It’s been a slow process. Brian was at the office for most of the week for a team event, and one of my kids was home all week in his place.
I was looking forward to having the house to myself—I work best around the house (under all circumstances) when everyone is gone.
Sometimes it’s just nice to be in your own home, alone, too. Especially when you’re used to people being around constantly. I was really looking forward to that.
Extroverts may not understand—I get that. And people who know me in real life might read that and think, Whaaaat? You love people. What are you talking about?

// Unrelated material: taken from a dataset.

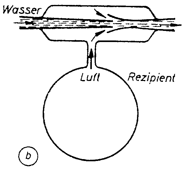 Dieses Prinzip wird in großem Umfang bei Wasserstrahlpumpen verwandt: Ein Wasserstrahl fließt hierbei durch eine Verengung und erzeugt damit einen Unterdruck. Von diesem Unterdruck angesaugt, steigt eine Flüssigkeit oder ein Gas aus einem Behälter nach oben. Wendet man dieses Prinzip auf ein mit Gas gefülltes Gefäß an, so erhält man eine einfache Vakuumpumpe.
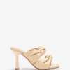 Sandalias de piel confeccionadas con tiras acolchadas formando dos nudos. con un tacón geométrico de 8,5cm y una suela muy acolchada para tu comodidad, ¡te sorprenderá la comodidad de estas sandalias!

I do love people. And I especially love being around and engaging with great people. But, I’m also one of the stereotypical Autistic people who need alone time often. I rarely if ever get it, though, so I end up spending an extensive amount of time in the bathroom on purpose. It’s my break from external stimuli. Although, my three AFAB children have it in their heads that it’s okay to just unlock my bathroom door with their superhuman-strength fingernails and enter without knocking to talk or ask for something. (When they typically had to pass their father to reach my closed and/or locked door.)
I’ve joked to the family that, when they do that, it just resets my “alone-time clock,” and I then need to spend even more time in there to recuperate from the interruption.
Nobody finds that “joke” funny but me, of course.
With some help this weekend, I forecast that this will be the most efficient move we’ve had yet. Even with the last four moves being shifts within the same building (including our move-hiatus at the beginning of 2023 after swallowing our pride and just paying the rent increase), I’m surprisingly not rusty at this.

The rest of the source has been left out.